MPI/OpenMP hybrid parallel inference for Latent Dirichlet Allocation

  • Authors:
  • Shotaro Tora;Koji Eguchi

  • Affiliations:
  • Kobe University, Rokkodai, Nada, Kobe, Japan;Kobe University, Rokkodai, Nada, Kobe, Japan

  • Venue:
  • Proceedings of the Third Workshop on Large Scale Data Mining: Theory and Applications
  • Year:
  • 2011

Quantified Score

Hi-index 0.00

Visualization

Abstract

In recent years, probabilistic topic models have been applied to various kinds of data including text data, and its effectiveness has been demonstrated.
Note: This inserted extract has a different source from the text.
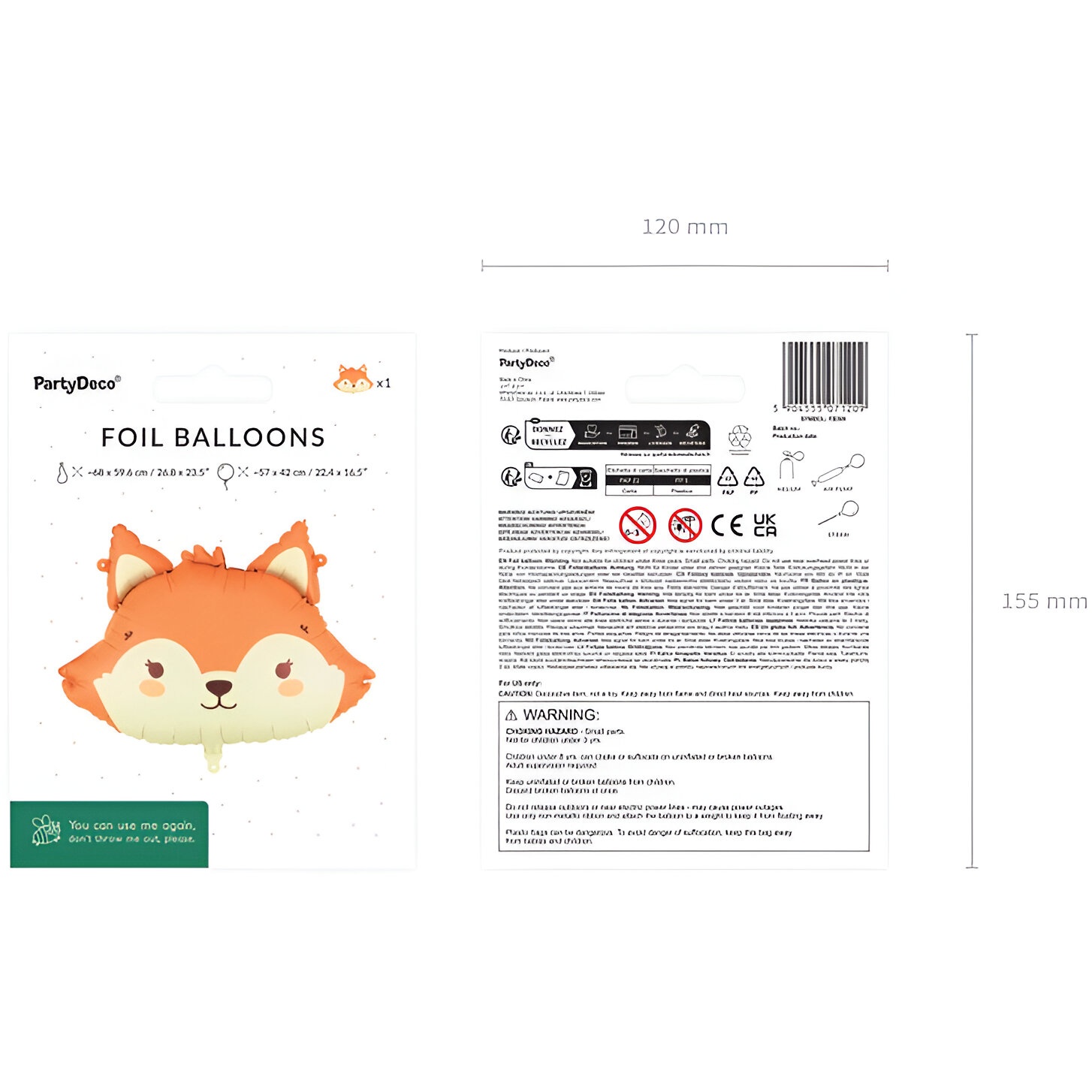 Globo foil con forma de cabeza de zorro en tonos naranja y crema. Tamaño antes de inflar aprox. 68 x 59.6 cm (26.8 x 23.5''), y después de inflar aprox. 57 x 42 cm (22.4 x 16.5'').

Latent Dirichlet Allocation (LDA) is one of the well-known topic models. Variational Bayesian inference or collapsed Gibbs sampling is often employed to estimate parameters in LDA; however, these inference methods require high computational cost for large-scale data. Therefore, high efficiency technology is needed for this purpose. In this paper, we make use of parallel computation technology for the sake of efficient collapsed Gibbs sampling inference for LDA. We assume to use a shared memory cluster (SMP cluster), which is widely used in recent years. In prior work of parallel inference for LDA, either MPI or OpenMP has been used alone. On the other hand, for a SMP cluster it is more suitable to adopt hybrid parallelization that uses message passing for communication between SMP nodes and loop directives for parallelization within each SMP node. In this paper, we developed a MPI/OpenMP hybrid parallel inference method for LDA, and achieved remarkable speedup under various settings of a SMP cluster.